As a sophomore, he averaged 19 points and eight rebounds on a team that went 21-14 and reached the NCAA Tournament for the first time in three years. As a junior, he averaged 24 points and nine rebounds on a team that won the Big 8 and finished 24-10. And as a senior on a team that began the season eighth in the country but finished a disappointing 19-11, he still poured in 23 points with nine rebounds. He got to the line an absurd amount (seven free throws per game in his junior and senior seasons), he finished around the rim, and when the 3-point line was introduced for his junior year, he made 3s too (he was 30-for-66 on longballs in his career). He was weird and likable, a volume scorer who didn't mind getting dirty, and an incredibly intense rebounder who battled against bodies a lot bigger than his own. He was the bridge between Stipo-and-Sundvold and Smith-and-Peeler. He was one of a kind.

And yes, he was in this video, too. Of course he was.

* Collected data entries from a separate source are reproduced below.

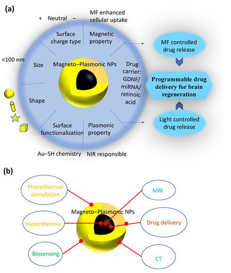 As one of the major threats to human health, neurodegenerative diseases (NDs) have an increasing prevalence in the elderly population due to the extended lifespan nowadays [1]. One of the promising therapeutic strategies for ND development in recent years is the use of nanocarriers to deliver neuroprotective and neurorestorative drugs [2], neurotrophic factors [3], and genes [4]. Among the potential nanocarriers, magneto-plasmonic nanoparticles (NPs) possess strong potential to overcome the current therapeutic limitation of ND. On the one hand, as shown in Figure 1a, their magnetic nature enables them to be externally directed by a static MF, to generate heat under alternating MFs, to cross the blood–brain barrier (BBB) under MF stimulation, and to regulate mechanosensitive ion channels [5]. On the other hand, their plasmonic nature enables the photothermal conversion capacity and the light-triggered neural regulation of temperature-sensitive ion channels [6]. Therefore, magneto-plasmonic NPs can serve as an outstanding platform to realize targeted drug delivery and external-stimuli-controlled drug release. In addition, they are capable of passing through the BBB because of their small size (1–100 nm) and ability to enable facile surface modification. The surface chemistry of magneto-plasmonic NPs also enables tunable surface functionalizations, which suggests that they could be superior drug carriers of various therapeutic agents to cross the BBB. These unique properties and biological functions allow for the wide usage of magneto-plasmonic NPs for brain-tissue and cellular regeneration, including photothermal stimulation, the biosensing of proteins/molecules, hyperthermia, bioimaging (magnetic resonance imaging (MRI), computed tomography (CT)), and drug delivery (Figure 1b).
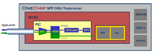 最近幾年一直參展光博會(huì)的加拿大光子集成技術(shù)公司OneChip再次引起了中國(guó)光通信廠商的密切關(guān)注。該公司將PIC光子集成技術(shù)用于制造光模塊,在本屆光博會(huì)上,該公司宣布使用光子集成技術(shù)制造的PON模塊已經(jīng)量產(chǎn),而且選擇了偉創(chuàng)力和Fabrinet兩家代工大廠為他們代工,另外,廣東東研網(wǎng)絡(luò)和深圳澤萬(wàn)豐兩家中國(guó)公司依客戶(hù)區(qū)分代理銷(xiāo)售。
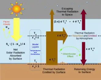Essential features of this model where first published by Svante Arrhenius in 1896.[2] It has since become a common introductory "textbook model" of the radiative heat transfer physics underlying Earth's energy balance and the greenhouse effect.[3][4][5] The planet is idealized by the model as being functionally layered, but dimensionless (i.e. a zero-dimensional model) with regard to its mathematical space.[6] The layers include a surface with constant temperature Ts and an atmospheric layer with constant temperature Ta. For diagrammatic clarity, a gap can be depicted between the atmosphere and the surface. Alternatively, Ts could be interpreted as a temperature representative of the surface and the lower atmosphere, and Ta could be interpreted as the temperature of the upper atmosphere, also called the skin temperature. In order to justify that Ta and Ts remain constant over the planet, strong oceanic and atmospheric currents can be imagined to provide plentiful lateral mixing. Furthermore, the temperatures are understood to be multi-decadal averages such that any daily or seasonal cycles are insignificant.
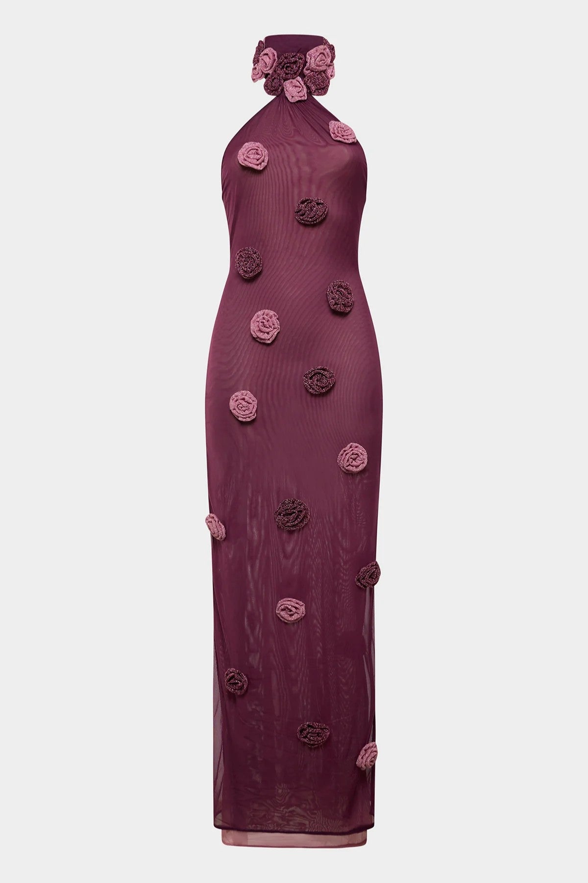 Introducing the Mesh Rose Asymmetric Dress Purple by Oséree — a striking dress designed with an asymmetric silhouette that highlights the body with modern elegance. Mesh rose detailing adds romantic texture and movement, creating a dynamic look that flows beautifully with every step.
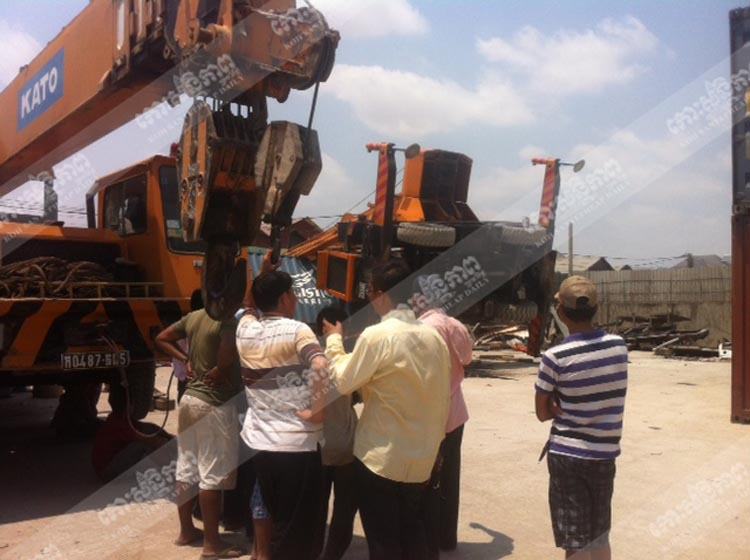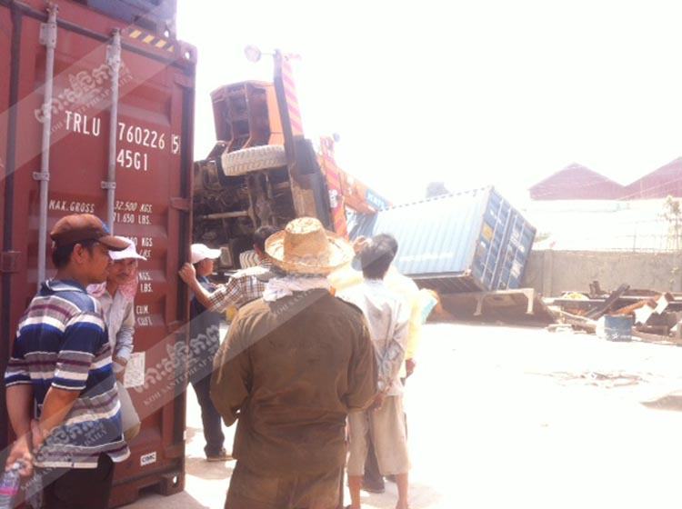 រាជធានីភ្នំពេញ ៖ រថយន្តស្ទូចកុងតឺន័រមួយគ្រឿង ខណៈដែលកំពុងដាក់កុងតឺន័រចុះក្រោមក៏ភ្លាត់ស្នៀតក្រឡាប់រថយន្តកិនពីលើកម្មករចំនួន៣នាក់ បណ្តាលឱ្យរងរបួសធ្ងន់ កាលពីវេលាម៉ោង១១ និង៤៤នាទីព្រឹកថ្ងៃទី១៤ មីនា ២០១៤ ស្ថិតនៅចំណុចយានដ្ឋានផ្លូវមុនីរ៉េត ក្នុងភូមិប្ញស្សី សង្កាត់ស្ទឹងមានជ័យ ។

From Michael Atchison's True Sons:

He cut a striking profile, six-feet-seven-inches of dramatic angles and long coiled limbs that bounced to an oddly rhythmic gait. He spoke rarely, but memorably, like when he described the "erotic dunking" he used to impress the girls on the playgrounds of his native New York City, or when he explained "face checking," a technique that involved staring into an opponent’s eyes and defending with his mind. But no quirk was more famous than his ever-present Band-Aid, worn absent cuts and abrasions.

A rare character, but Derrick Chievous’s basketball skills were rarer still. Effective inside and out, and possessing a nearly supernatural ability to get to the free throw line, the high school All-American was born to score.

From Atch's Greatest Players list:

A notoriously quirky 6’7" forward from New York City’s Jamaica, Queens, neighborhood, Derrick Chievous was nearly as famous for always wearing a Band-Aid as for being one of the great pure scorers in Mizzou history. Chievous began filling the hoop from the moment he set foot on campus, scoring a freshman-record 32 points against Arizona just one month into his career. As a sophomore, he led the Tigers in scoring with 18.8 points per game, and his season total of 640 points was then the second most in school history. Chievous elevated his game as a junior, earning first team All-Big Eight and second team All-America honors, leading the conference in scoring, guiding the team to a league title, and showing a remarkable ability to get to the free throw line (for his career, he made more free throws than any other Tiger attempted). His season total of 821 points remains a Missouri record, and his three-year total of 1,879 made him the Tigers’ all-time scoring leader with a full season left to play. All-Big Eight again as a senior, Chievous scored a career-high 42 points in a win over Virginia Tech. He closed his career with 2,580 points (still first by a huge margin), 979 rebounds (then second, now fourth), and a career 19.9 points per game average, second only to Willie Smith.

From Chievous' 1996 Mizzou Hall of Fame bio:

Chievous came out of Jamaica, N.Y., and burst on the Missouri basketball scene in 1985. He went on to become the leader scorer in Tiger basketball history with 2,580 points, and posted three of the top-ten season scoring figures in MU annals. He led the Big Eight Conference in scoring as both a junior and senior, and led the Tigers to the league regular-season and post-season tournament championships in 1987. He was a Freshman All-American in 1985, consensus second-team all-American in 1987, all-conference in 1987 and '88, and was twice MU's most valuable player. He is one of only two players in school history to lead the team in scoring three times, and holds a host of other school records. A first-round draft choice of the Houston Rockets in 1988, Chievous also played in the NBA with the Cleveland Cavaliers, and in recent years has played professionally overseas.